By Pam Brennan
I remember my Pepaw Brennan coming home from the mines and being black as night from head to toe except for the whites of his eyes and his teeth. I was terrified! He would flash those pearly whites at me and I would run screaming in the other direction. I was so scared that if he knew I was there he would stop and rinse off in the creek before he came home so he wouldn’t scare me. I do seem to recall the devilish glint in his eye though, so MAYBE he kind of enjoyed it too.

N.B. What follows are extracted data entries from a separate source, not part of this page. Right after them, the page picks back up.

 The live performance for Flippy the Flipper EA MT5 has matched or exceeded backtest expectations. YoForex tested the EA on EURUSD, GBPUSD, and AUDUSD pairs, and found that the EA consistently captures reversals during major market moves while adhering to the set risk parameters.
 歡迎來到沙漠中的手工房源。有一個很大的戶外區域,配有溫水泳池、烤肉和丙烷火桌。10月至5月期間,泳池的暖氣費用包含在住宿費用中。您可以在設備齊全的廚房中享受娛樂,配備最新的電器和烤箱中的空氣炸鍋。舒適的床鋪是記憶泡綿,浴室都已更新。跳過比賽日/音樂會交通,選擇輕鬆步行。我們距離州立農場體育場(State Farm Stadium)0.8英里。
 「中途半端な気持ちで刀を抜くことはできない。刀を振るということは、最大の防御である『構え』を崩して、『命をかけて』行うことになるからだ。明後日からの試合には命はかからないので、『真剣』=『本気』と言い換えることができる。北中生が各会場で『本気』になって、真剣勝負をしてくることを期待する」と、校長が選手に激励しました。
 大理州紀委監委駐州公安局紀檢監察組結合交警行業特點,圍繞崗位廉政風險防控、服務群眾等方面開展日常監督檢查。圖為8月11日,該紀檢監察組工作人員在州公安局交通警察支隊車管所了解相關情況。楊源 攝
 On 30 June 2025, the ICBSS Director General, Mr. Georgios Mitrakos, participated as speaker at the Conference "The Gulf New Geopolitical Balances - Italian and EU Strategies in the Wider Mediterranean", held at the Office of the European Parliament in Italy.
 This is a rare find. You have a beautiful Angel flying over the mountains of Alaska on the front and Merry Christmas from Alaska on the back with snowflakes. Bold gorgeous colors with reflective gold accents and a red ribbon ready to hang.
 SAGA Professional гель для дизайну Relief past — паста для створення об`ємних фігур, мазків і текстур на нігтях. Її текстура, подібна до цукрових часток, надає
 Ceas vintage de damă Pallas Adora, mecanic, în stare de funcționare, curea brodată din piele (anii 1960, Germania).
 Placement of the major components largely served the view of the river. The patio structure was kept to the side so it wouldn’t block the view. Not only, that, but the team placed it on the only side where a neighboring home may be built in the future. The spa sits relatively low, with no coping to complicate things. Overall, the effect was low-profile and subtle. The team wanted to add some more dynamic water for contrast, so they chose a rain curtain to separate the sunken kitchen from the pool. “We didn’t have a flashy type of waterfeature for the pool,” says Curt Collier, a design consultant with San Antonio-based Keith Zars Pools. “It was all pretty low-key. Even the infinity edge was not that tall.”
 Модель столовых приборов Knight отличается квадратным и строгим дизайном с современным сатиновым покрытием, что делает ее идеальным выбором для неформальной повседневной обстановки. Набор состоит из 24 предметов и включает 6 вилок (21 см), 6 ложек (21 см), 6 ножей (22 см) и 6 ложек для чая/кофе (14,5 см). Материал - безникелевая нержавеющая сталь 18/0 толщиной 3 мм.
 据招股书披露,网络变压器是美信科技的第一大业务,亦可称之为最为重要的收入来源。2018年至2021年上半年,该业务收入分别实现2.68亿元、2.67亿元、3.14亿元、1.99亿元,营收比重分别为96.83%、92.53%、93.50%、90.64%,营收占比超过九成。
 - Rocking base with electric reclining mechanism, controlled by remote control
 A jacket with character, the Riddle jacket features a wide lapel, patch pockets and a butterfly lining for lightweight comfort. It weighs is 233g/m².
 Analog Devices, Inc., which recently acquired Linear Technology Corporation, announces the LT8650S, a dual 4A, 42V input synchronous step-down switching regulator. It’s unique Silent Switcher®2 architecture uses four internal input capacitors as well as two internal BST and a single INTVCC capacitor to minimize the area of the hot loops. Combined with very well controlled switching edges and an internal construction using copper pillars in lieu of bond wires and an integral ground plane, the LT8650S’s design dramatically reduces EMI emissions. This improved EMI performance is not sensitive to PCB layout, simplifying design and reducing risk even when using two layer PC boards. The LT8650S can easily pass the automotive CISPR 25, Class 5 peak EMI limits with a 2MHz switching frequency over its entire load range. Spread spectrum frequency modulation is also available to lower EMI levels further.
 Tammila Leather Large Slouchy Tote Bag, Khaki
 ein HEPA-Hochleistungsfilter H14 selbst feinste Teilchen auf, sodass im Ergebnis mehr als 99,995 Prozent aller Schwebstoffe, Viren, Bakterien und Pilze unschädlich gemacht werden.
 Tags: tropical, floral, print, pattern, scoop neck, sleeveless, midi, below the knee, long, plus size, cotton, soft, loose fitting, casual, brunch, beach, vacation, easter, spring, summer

He would make sure that he left something in his dinner bucket for the kids too. (my aunts and uncles are barely older than I am) Nothing tasted so good as a pack of nabs or a Moonpie from that lunch box. Occasionally there would be some “vi-een-nies in there (vienna sausages – that’s how we say it around here). We would open that can and share the little sausages. They were great! However you can’t pay me to eat one now.
That’s my Pepaw, Bill Brennan, and Granny, Elaine Brennan. The kids are my Dad, Bill Brennan Jr. and Aunt Wanda. That picture was taken at Rossmore, one of Logan County’s coal camps at the time. They later bought a house at Sarah Ann and I spent my childhood playing all over the base of Horsepen Mountain.
As I reread this blog I wonder if my pepaw used to actually wash in the creek. They spent my childhood telling me to stay out of that creek at the base of Horsepen mountain because it was full of sewer and mine runoff. I know now that most coal mines had showers for the miners. I am thinking that maybe that is just one of those stories that pepaws tell their grand kids.
Thank you for sharing these memories, Pam. Just great to read all of the details you can recall!
One could always ‘spot’ a coal miner walking down the street; no matter how hard he tried, his eyebrows always appeared dirty with coal dust. The coal dust stuck in the skin for a long time.
I remember wanting the pack of Juicy Fruit gum the most out of your pepaw’s lunch box.